A l’image de l’Arabie Saoudite, la Turquie fait office de mentor pour d’autres pays qui suivent sa méthode. C’est le cas des pays comptant une bonne part de musulmans en Europe de l’Est comme en Bosnie, au Kossovo, en Albanie ou en Macédoine.

Mais ce calendrier - défendu par le Conseil européen de la fatwa et de la recherche (CEFR) et l’UOIF - qui se veut universel fait face aux résistances des pays arabo-musulmans attachés à la tradition de la Nuit du doute durant laquelle on procède à l’observation du ciel. En amont de cette observation, certains pays font appel aux calculs astronomiques. C’est le cas de la Malaisie et de l’Egypte, qui disposent respectivement d’observatoires à Kuala Lumpur et au Caire et en font un usage complémentaire pour conforter leurs calculs.

Concurrence des comités d’observation

Malgré l’existence d’organes officiels se prononçant sur la détermination du Ramadan, des divisions existent dans certains pays musulmans. Le Sénégal en est un exemple. Chaque année, le même scénario se répète. Les dates du début du Ramadan et des fêtes de l’Aïd ne sont pas les mêmes pour l’ensemble de la population. La majorité suit l’avis de la Commission nationale de concertation sur le croissant lunaire (CNCCL) tandis qu’une partie des habitants écoutent la Commission d’observation du croissant lunaire (COCL) mise sur pied par la Coordination des musulmans de Dakar. Ces deux organes, qui disent pourtant se fonder sur une méthode d’observation locale, annoncent à chaque fois des dates différentes.

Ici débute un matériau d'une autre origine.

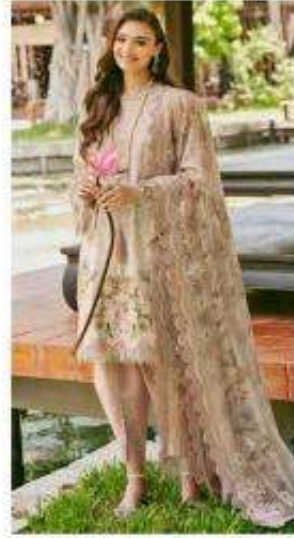
M - 103

Même en adoptant la même règle, des luttes d'autorité génèrent une fracture. Elle est devenue habituelle dans le pays, malgré les appels de religieux pour une commission consensuelle.

Au Mali, dans le pays voisin, la Commission d’observation de la Lune est chargée de déterminer les dates du Ramadan ainsi que l’Aïd al-Fitr, communément appelé Tabaski. Comme dans les pays maghrébins, les témoignages d’habitants assurant avoir vu la nouvelle lune font foi pour fixer ces dates. Toutefois, certaines confréries religieuses du pays ne suivent pas l’instance, ce qui avait poussé à l’organisation d’un forum national sur la problématique de l’observation de la Lune en 2011.

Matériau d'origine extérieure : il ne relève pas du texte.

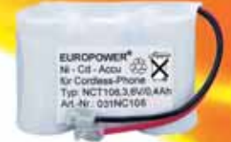
BATTERY NCT106 w. cable and universal-plug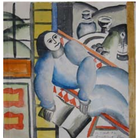
Fernand Léger, Study for Woman and Child , 1922

L’unité est recherchée mais cela n’aboutit pas comme en France. Ce phénomène de discorde est également visible au Pakistan. Le Comité central Ruet-e-Hilal (vision du croissant), basé à Karachi, qui procède à l’observation lunaire, est l’organe officiel. Mais on apprend dans la presse locale que, ces dernières années, un autre comité non officiel lui fait concurrence en décrétant, à chaque fois, des jours différents. Par ailleurs, certains Pakistanais tiennent à suivre l’Arabie Saoudite.

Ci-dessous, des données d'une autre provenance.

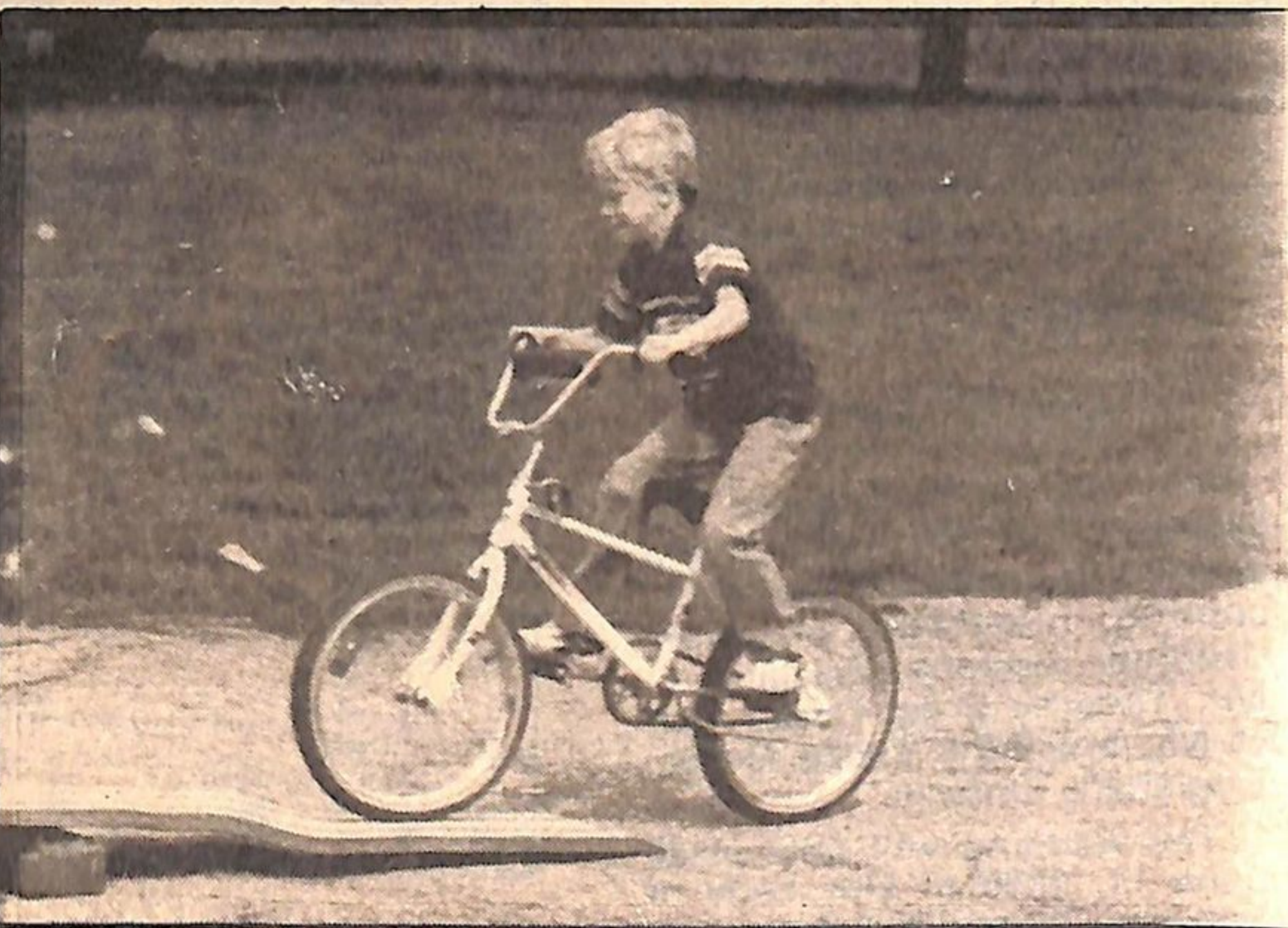
Traversing the teeter-totter at the Thamesford P.S. Bike Rodeo

Calculs contre observation

Mais c’est dans le plus grand pays musulman que l’on retrouve la situation la plus semblable à celle de la France. En Indonésie, deux visions opposent les deux principales organisations musulmanes du pays. La Nahdlatul Ulama (NU) prône l’observation visuelle, tandis que la Muhammadiyah suit les calculs astronomiques.

Conséquence, l’an dernier, les Indonésiens faisant confiance aux calculs ont démarré le jeûne mardi 9 juillet et les autres le lendemain. Pas étonnant que là où vivent le plus de musulmans, une pluralité des avis se fait jour.

Encore une fois, à l’échelle mondiale et même à l’intérieur des pays musulmans, le mois de Ramadan devrait débuter et terminer lors de dates différentes. Tous prônent l'unité mais les divergences sont toujours là. La communion de plus de 1,6 milliard de musulmans en ce mois sacré n’est pas encore d’actualité.